> [Raw data]

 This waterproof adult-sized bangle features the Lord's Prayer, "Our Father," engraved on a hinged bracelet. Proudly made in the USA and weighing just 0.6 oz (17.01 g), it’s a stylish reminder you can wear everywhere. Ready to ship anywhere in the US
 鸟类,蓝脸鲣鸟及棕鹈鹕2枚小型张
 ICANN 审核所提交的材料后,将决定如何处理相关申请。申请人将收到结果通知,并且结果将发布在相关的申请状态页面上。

==

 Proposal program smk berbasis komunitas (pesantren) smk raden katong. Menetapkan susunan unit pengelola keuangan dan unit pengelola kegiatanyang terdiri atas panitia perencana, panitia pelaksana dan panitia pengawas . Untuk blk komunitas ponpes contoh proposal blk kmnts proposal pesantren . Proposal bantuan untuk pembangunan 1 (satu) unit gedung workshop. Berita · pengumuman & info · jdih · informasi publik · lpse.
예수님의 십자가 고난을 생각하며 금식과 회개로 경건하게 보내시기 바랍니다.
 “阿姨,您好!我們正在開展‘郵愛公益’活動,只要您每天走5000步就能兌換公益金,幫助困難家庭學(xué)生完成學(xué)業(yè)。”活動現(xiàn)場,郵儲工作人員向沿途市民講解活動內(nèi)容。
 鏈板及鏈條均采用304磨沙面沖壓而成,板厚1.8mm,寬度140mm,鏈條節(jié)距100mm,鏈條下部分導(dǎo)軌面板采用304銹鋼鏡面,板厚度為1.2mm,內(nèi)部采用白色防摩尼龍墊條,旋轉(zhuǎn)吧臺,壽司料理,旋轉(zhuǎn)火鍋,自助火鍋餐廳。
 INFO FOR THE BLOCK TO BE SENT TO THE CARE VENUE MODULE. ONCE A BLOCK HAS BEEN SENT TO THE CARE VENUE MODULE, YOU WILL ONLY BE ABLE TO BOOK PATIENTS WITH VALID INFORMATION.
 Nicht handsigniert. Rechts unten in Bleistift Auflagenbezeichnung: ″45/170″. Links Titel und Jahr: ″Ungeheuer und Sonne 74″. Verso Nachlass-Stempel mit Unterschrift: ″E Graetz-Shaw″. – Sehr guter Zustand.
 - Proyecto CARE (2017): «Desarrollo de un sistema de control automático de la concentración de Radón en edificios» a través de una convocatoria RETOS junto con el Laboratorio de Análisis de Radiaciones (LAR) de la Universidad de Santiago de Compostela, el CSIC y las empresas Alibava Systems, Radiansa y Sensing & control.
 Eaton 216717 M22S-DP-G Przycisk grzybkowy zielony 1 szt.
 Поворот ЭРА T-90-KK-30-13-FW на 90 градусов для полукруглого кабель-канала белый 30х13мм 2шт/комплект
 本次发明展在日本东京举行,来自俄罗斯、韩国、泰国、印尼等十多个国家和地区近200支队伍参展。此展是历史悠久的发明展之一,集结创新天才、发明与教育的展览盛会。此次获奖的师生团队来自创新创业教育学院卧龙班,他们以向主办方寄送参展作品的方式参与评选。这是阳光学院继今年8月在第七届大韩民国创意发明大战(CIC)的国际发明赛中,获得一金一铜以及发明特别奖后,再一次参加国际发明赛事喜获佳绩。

> [Task item] Repeat word for word the lines above that run from the line containing "Eaton 216717 M22S-DP-G" through the line containing "本次发明展在日本东京举行,来", both ends included, and nothing else.

> [Solution to this exercise]
 Eaton 216717 M22S-DP-G Przycisk grzybkowy zielony 1 szt.
 Поворот ЭРА T-90-KK-30-13-FW на 90 градусов для полукруглого кабель-канала белый 30х13мм 2шт/комплект
 本次发明展在日本东京举行,来自俄罗斯、韩国、泰国、印尼等十多个国家和地区近200支队伍参展。此展是历史悠久的发明展之一,集结创新天才、发明与教育的展览盛会。此次获奖的师生团队来自创新创业教育学院卧龙班,他们以向主办方寄送参展作品的方式参与评选。这是阳光学院继今年8月在第七届大韩民国创意发明大战(CIC)的国际发明赛中,获得一金一铜以及发明特别奖后,再一次参加国际发明赛事喜获佳绩。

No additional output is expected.